Kalshi launches parent access portal and AI-based selfie verification to improve security


Kalshi is set to launch a new parent access portal and AI-enhanced selfie verification to bolster identity verification within its prediction market platform, addressing concerns over underage users evading age restrictions.

During the Semafor World Economy Summit in Washington, DC, co-founder and CEO Tarek Mansour shared details about new account management features aimed at enhancing family oversight of platform access.

Mansour indicated that the parent portal will permit non-Kalshi account holders to submit identification. This functionality will empower parents to check if their personal details—such as name, date of birth, phone number, mailing address, and Social Security or driver’s license numbers—have been utilized to open an account.

We are introducing a portal that allows parents to submit their identification even if they are not Kalshi users, thereby enabling them to determine if their children are using their identities,” Mansour explained.

Additionally, Kalshi will introduce a selfie submission requirement during account setup, where photos will be evaluated by AI to verify the user’s identity.

Plans for Joint Accounts

Mansour also revealed that Kalshi is in the process of developing joint accounts that would enable multiple users to manage their wallets and monitor each other’s trading activities.

“We are launching family accounts to facilitate mutual monitoring of trading activities among members,” Mansour shared. “Our goal is to foster a sense of accountability within friendships and families, so people can gently remind each other if they are overindulging in trading. We wish for this feature to be beneficial, promoting healthy trading practices.

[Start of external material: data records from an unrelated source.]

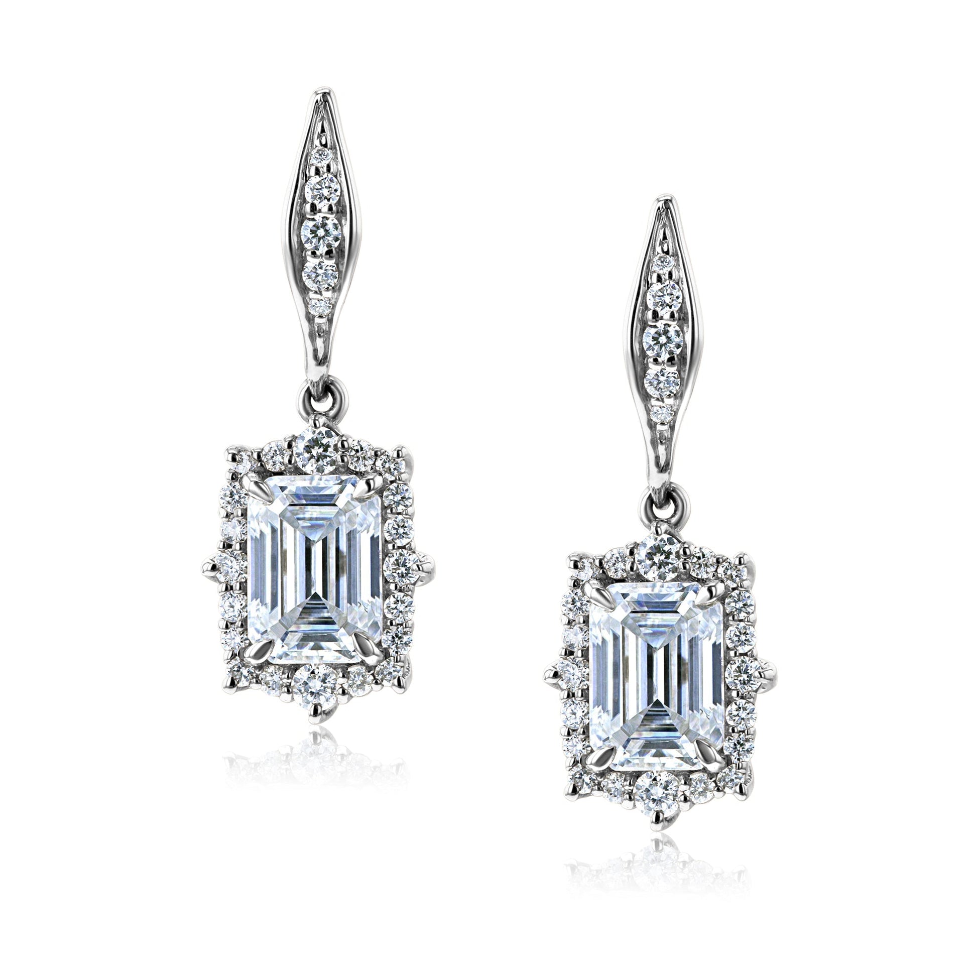 Elizabeth Earrings - 2-1/2ct.tw Emerald Moissanite with Lab Grown Diamond Halo Earrings
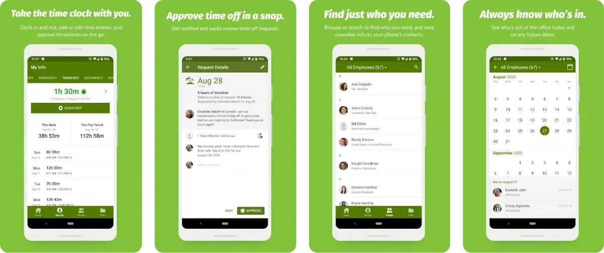 BambooHR is an app that has managed to gain high popularity among small and medium-sized companies. It helps to smartly organize all information about all the employees, track work hours and quickly edit or update any necessary documents. You can consider this app as an example for building your own solution for your enterprise.
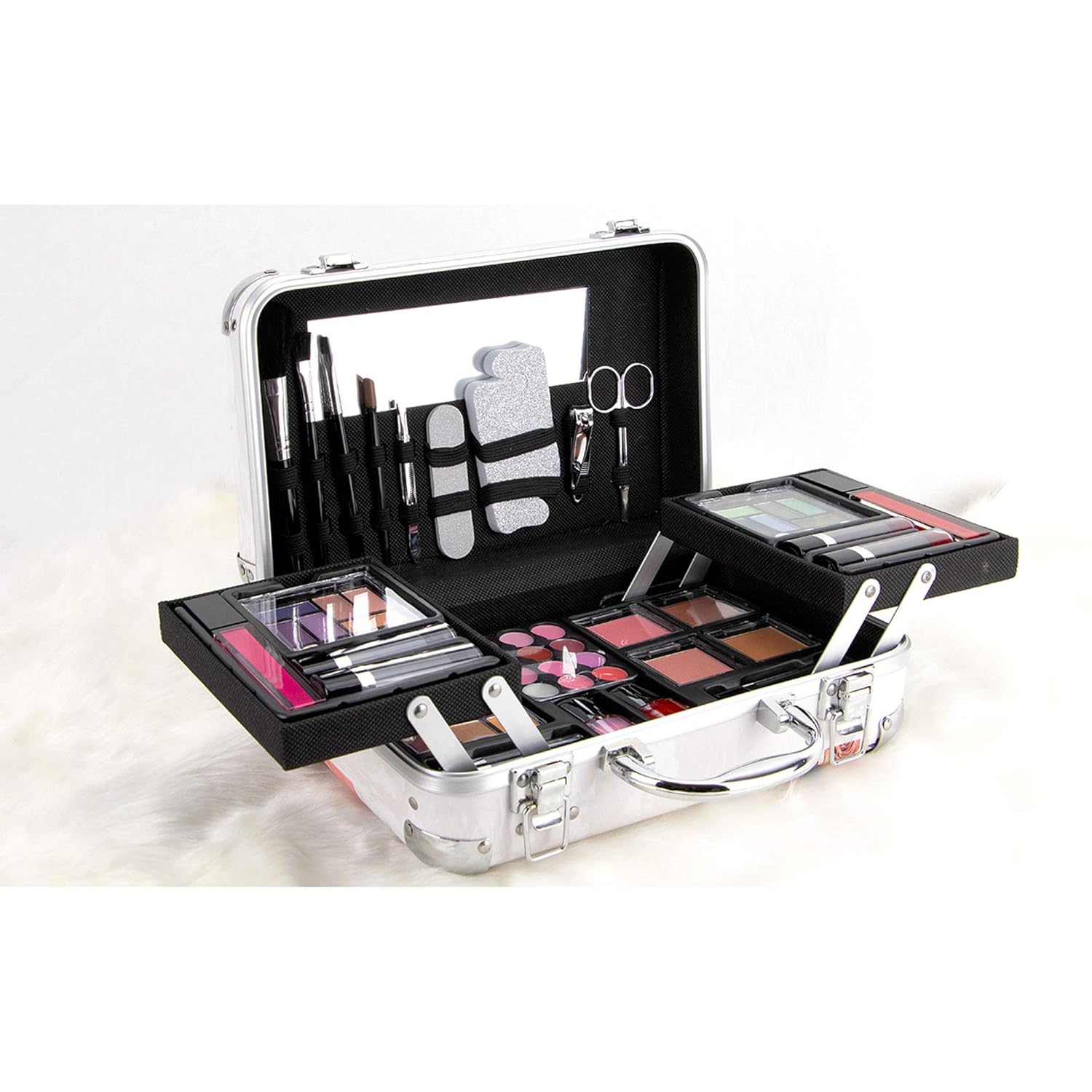 - Professional Makeup Kit - Featuring 24 eyeshadows, 4 blushes, 6 lipsticks, 2 lip glosses, 12 lip balms, 2 nail polishes, and 1 built-in mirror under the lid; Also includes: face, lip, & eye brush, tweezer, nail file, separator, clipper, scissors, and sponges

Regulatory Trading Environment

Prediction markets in the US are regulated by the Commodity Futures Trading Commission (CFTC), and participation is restricted to individuals aged 18 and above. Unlike sportsbooks, which are governed by state gaming regulations that include robust consumer protections, prediction markets are subject to distinct federal regulations.

The CFTC mandates that operators adhere to customer identification protocols. However, enforcement officials have suggested that the agency is focusing on more serious violations rather than minor procedural errors.

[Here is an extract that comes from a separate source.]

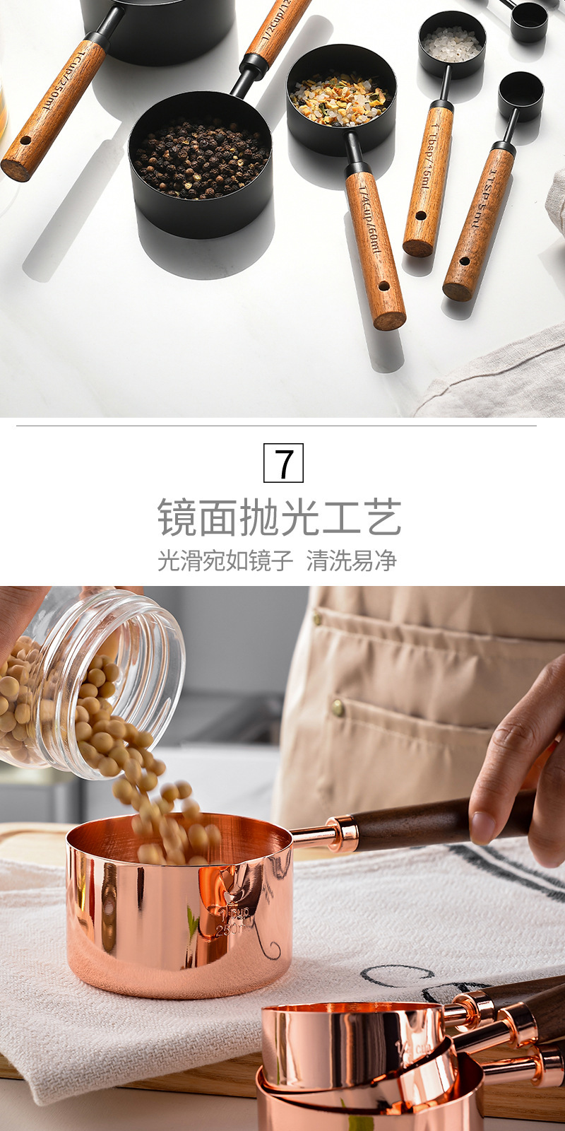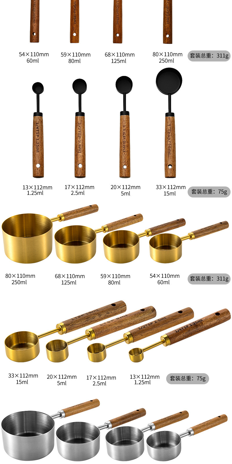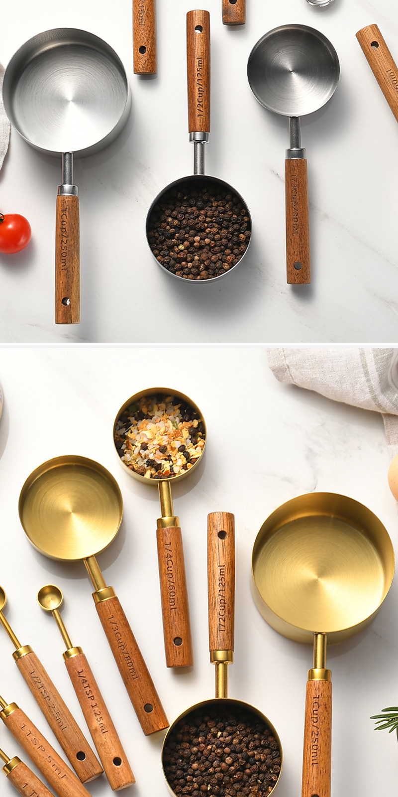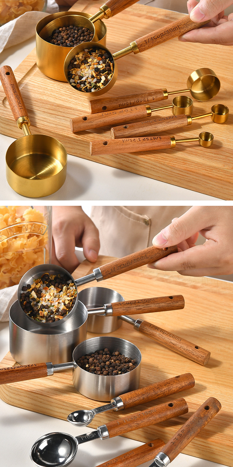 국경 간 금도금 스테인레스 스틸 측정 컵 측정 숟가락 8 피스 세트 졸업 측정 숟가락 주방 베이킹 도구스토어 가기

In a statement made on March 31 at New York University School of Law, David Miller, the CFTC’s Director of Enforcement, stated that his team is “not concentrating on technical breaches but rather on individuals who intentionally violate” KYC regulations.

Regulatory measures on anti-money laundering and KYC compliance are crucial for combating terrorism, drug trafficking, fraud, and other serious criminal activities,” Miller added.

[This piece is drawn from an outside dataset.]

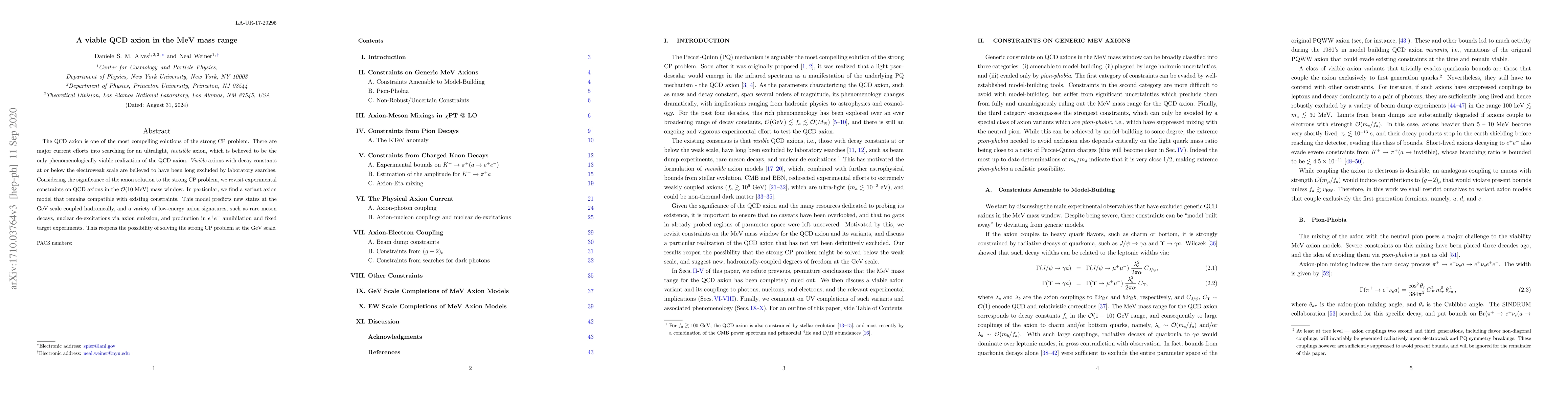 The QCD axion is one of the most compelling solutions of the strong CP problem. There are major current efforts into searching for an ultralight, invisible axion, which is believed to be the only phenomenologically viable realization of the QCD axion. Visible axions with decay constants at or below the electroweak scale are believed to have been long excluded by laboratory searches. Considering the significance of the axion solution of the strong CP problem, we revisit experimental constraints on QCD axions in the O(10 MeV) mass window. In particular, we find a variant axion model that remains compatible with existing constraints. This model predicts new states at the GeV scale coupled hadronically, and a variety of low-energy axion signatures, such as rare meson decays, nuclear de-excitations via axion emission, production in $e^+e^-$ annihilation and fixed target experiments. This reopens the possibility of solving the strong CP problem at the GeV scale.

Entities regulated by the CFTC are responsible for not only identifying their customers but also for ensuring that their platforms are safeguarded against insider trading.

“Exchanges are tasked with maintaining adequate surveillance, compliance protocols, and procedures, ensuring fair and equitable trading, and protecting markets from abusive practices, in addition to offering only contracts that are not open to manipulation,” Miller noted.